In a histologic study on the macular region of highly myopic eyes, Jonas et al (24) detected macular regions without Bruch membrane and (consequently) without adjacent RPE and without choriocapillaris. The photoreceptor layer was markedly diminished or rudimentary, as was the remaining choroid, with only a few large choroidal vessels present. In these regions with this secondary macular opening of Bruch membrane, the globe wall consisted of a markedly thinned sclera, some melanin-bearing cells on the inner surface of the sclera (lamina fusca sclerae), and remnants of the middle layer and inner layer of the retina, including the inner limiting membrane.

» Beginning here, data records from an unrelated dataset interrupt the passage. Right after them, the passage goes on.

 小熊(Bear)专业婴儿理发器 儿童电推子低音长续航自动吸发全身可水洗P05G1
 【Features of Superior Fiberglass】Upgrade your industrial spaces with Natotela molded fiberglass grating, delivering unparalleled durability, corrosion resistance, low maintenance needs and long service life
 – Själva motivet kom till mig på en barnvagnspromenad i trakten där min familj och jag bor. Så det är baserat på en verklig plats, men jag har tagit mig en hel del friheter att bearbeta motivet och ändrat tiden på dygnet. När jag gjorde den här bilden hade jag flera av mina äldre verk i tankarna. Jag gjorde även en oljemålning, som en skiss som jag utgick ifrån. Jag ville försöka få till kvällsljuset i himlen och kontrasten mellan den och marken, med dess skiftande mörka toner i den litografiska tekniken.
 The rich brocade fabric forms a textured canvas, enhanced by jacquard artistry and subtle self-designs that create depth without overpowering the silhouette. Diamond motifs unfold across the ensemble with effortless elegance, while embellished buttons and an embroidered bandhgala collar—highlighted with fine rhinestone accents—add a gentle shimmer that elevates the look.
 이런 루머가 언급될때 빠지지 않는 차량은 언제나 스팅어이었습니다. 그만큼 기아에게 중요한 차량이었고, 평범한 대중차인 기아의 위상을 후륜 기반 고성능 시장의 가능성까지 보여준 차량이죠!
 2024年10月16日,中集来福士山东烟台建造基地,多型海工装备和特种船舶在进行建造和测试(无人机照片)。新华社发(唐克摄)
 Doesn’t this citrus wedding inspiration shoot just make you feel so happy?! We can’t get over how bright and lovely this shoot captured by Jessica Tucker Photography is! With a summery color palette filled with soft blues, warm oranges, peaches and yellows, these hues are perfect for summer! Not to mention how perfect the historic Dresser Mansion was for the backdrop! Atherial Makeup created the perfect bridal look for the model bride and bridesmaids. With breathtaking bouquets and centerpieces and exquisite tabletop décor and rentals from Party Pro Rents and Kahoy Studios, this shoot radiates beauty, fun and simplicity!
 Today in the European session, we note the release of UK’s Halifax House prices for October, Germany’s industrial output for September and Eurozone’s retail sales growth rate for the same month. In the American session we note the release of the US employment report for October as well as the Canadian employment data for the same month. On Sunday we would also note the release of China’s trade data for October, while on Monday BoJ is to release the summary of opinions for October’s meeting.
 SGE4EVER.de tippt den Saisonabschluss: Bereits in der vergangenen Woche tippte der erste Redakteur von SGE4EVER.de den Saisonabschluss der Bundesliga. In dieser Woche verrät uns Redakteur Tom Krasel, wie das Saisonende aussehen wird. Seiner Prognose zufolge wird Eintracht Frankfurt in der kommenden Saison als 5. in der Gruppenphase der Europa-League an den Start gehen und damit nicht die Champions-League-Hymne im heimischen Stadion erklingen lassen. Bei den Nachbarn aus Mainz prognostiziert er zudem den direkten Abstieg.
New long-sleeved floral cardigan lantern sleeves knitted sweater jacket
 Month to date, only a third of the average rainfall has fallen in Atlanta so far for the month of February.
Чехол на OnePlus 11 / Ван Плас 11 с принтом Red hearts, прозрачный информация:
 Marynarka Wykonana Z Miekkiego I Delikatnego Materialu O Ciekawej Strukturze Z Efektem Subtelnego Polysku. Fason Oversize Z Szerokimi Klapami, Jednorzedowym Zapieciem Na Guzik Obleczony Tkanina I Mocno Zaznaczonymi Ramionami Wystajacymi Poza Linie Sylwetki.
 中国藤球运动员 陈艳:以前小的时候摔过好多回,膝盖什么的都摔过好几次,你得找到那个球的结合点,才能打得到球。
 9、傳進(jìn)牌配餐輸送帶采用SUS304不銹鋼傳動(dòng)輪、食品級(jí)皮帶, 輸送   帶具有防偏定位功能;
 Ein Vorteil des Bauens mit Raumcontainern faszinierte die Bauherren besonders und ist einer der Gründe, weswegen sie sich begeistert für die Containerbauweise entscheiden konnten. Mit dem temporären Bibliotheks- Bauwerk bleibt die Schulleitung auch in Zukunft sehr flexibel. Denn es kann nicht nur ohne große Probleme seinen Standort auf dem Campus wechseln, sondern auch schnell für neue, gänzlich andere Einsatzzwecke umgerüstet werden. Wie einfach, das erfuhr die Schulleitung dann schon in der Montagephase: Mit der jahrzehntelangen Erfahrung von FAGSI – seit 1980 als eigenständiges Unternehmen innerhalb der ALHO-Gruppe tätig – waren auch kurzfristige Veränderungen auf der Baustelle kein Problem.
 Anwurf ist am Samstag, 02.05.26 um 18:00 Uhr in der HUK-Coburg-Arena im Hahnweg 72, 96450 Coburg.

Further studies are needed to prove whether thickening of the choroid play an important role in the homeostatic control of eye growth, and, consequently, in the etiology of myopia and hyperopia.

Limitations of the study are as follows: it is not a prospective study with follow-up; it is a single center rather than multicenter study; and it has a small sample size.

Conclusion

The CT in different degrees of myopia was thinner than that in normal control eyes, with extreme thinning in advanced myopia. This might be secondary to the longer AL, which is a predictive factor in some locations such as SFCT, CT 2 mm nasal, CT 2 mm temporal, and CT 2 mm lower.